PEORIA -- Now that the GOP debates are almost over for a while, we hope, there are some startling insights to be learned from them.
A real horror show would begin if one of these clowns happens to get elected president of the US. And it doesn't stop there. Plenty of candidates for Congress agree with them.
They claim to be small government guys but promote policies that place the government in bedrooms and pocketbooks. Freedom for them means only freedom for the rich to exploit people and resources.
They basically agree:
- Roe v. Wade should be overturned. That would make abortion a crime and send women and doctors to jail. Is this what we want for the 21st century? Amazing. So women cannot control their own bodies, must endure forced pregnancies which could endanger their lives, and even more unwanted babies would be dumped on the larger society. (Half of all US pregancies now are unplanned.)
- The states can ban contraceptives because there's no right to privacy in the US Constitution. The states don't want to do that? Don't be so sure. In other words states can ban whatever they want to, and the minority has no protection. Amazing.
- Federal law should ban union shops, and mandate so called 'right to work' situations. What's wrong with this? It fatally weakens unions, depriving them of the financial resources to adequately represent their members. Goodbye what's left of the middle class.

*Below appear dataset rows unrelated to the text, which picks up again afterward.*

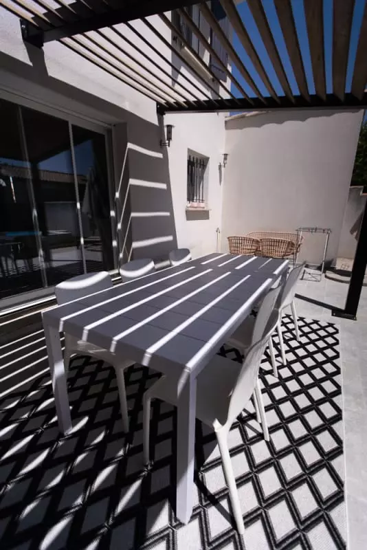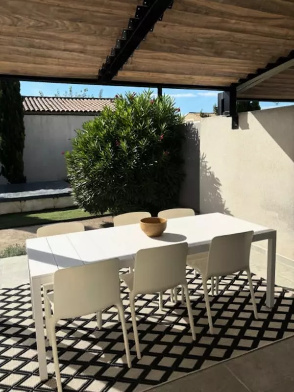 Charming, quiet house at the end of a cul-de-sac, with a large terrace and garden, just a 7-minute walk from the historic town center of Isle-sur-Sorgue. Enjoy the charm of the historic center and the weekly market without the hassle of a vehicle or parking.
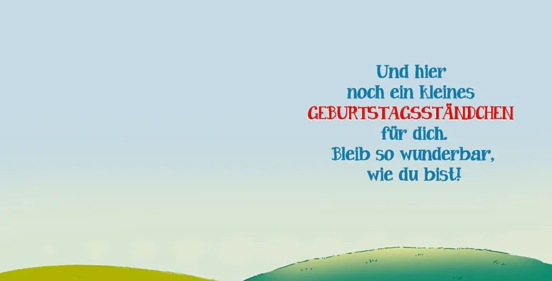 Im Inneren der Karte erwartet das Geburtstagskind ein liebevoller Gruß: „Und hier noch ein kleines GEBURTSTAGSSTÄNDCHEN für dich. Bleib so wunderbar, wie du bist!“ Die linke Seite ist bewusst freigehalten – hier haben Sie Platz für Ihre ganz persönlichen Worte, Wünsche und Gedanken.
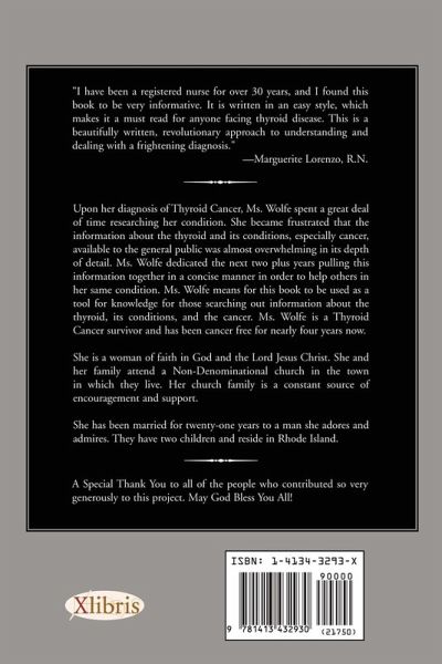 "I have been a registered nurse for over 30 years, and I found this book to be very informative. It is written in an easy style, which makes it a must read for anyone facing thyroid disease. This is a beautifully written, revolutionary approach to understanding and dealing with a frightening diagnosis." Marguerite Lorenzo, R.N. Upon her diagnosis of Thyroid Cancer, Ms. Wolfe spent a great deal of time researching her condition. She became frustrated that the information about the thyroid and its conditions, especially cancer, available to the general public was almost overwhelming in its depth of detail. Ms. Wolfe dedicated the next two plus years pulling this information together in a concise manner in order to help others in her same condition. Ms. Wolfe means for this book to be used as a tool for knowledge for those searching out information about the thyroid, its conditions, and the cancer. Ms. Wolfe is a Thyroid Cancer survivor and has been cancer free for nearly four years now. Book Orders Can Be Fulfilled Beginning October 31st.
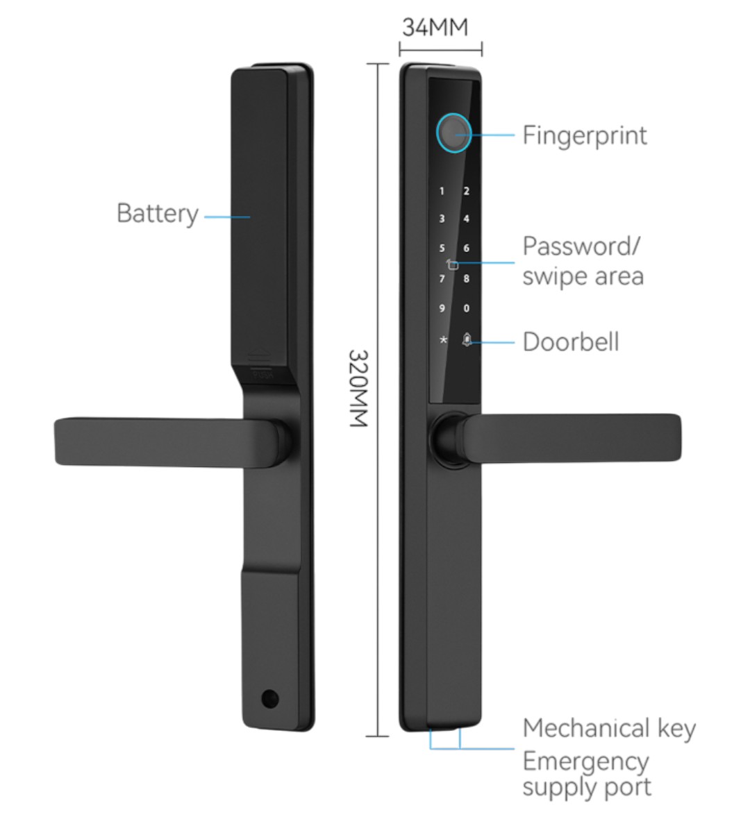 FECHADURA DIGITAL S960 WIFI TUYA/SENHA/CARTÃO/CHAVE/USB PRET| Excell Informática
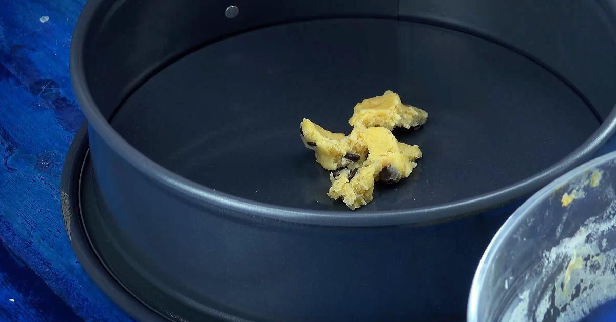- Émiettez la moitié de la pâte dans un plat à charnière puis pressez bien le tout dans le fond et sur les bords.
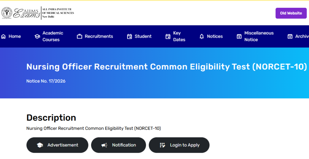 1. AIIMS NORCET 10 Nursing Officer Exam City के लिए आधिकारिक वेबसाइट aiimsexams.ac.in पर जाएं।

- Gays and lesbians should be denied the benefits of marriage and adoption, by federal and state law. Good bye equal protection of the law.
- Religious organizations taking tax money can discriminate against any group they want to -- gays and lesbians, Islamics, and who knows who else, again by federal law. (And why does tax money go to any religious group? Whatever happened to separation of church and state?)
But perhaps the most astonishing contention of all is their demand that Medicare and Social Security be means tested. Progressives have always resisted this because it diminishes public support if these programs are seen as limited to the (undeserving) poor.
Everyone pays into these programs when they are in the work force, and everyone should benefit from them, and not have the benefits withheld or taxed away.
Actually it's amazing to consider that the Republican candidates want to tax the elderly benefits, Medicare and Social Security, but not the millionaires.
Medicare and Social Security are part of the basic safety net in the USA, and without them, the elderly could easily and quickly be impoverished. All it would take is another recession that hits their 401(k) accounts, or fraud which is widespread against the elderly now.
The mainstream media commentators have done a poor job of probing these issues so far.
While it's fun to listen to the horserace coverage, it's also very superficial.
Now a word about Ron Paul: he's too old to be president and sort of nuts but he has performed a valuable function by bringing up excessive military spending and the US empire during the debates. His comments on the folly of the war on drugs were breathtaking. Too bad these issues sank without a trace.
These are not reasons to support Paul. He is anti-choice, anti-gay, likely a racist, and his economic theories are crazy. But like the stopped clock, he's occasionally right. The other candidates are never right.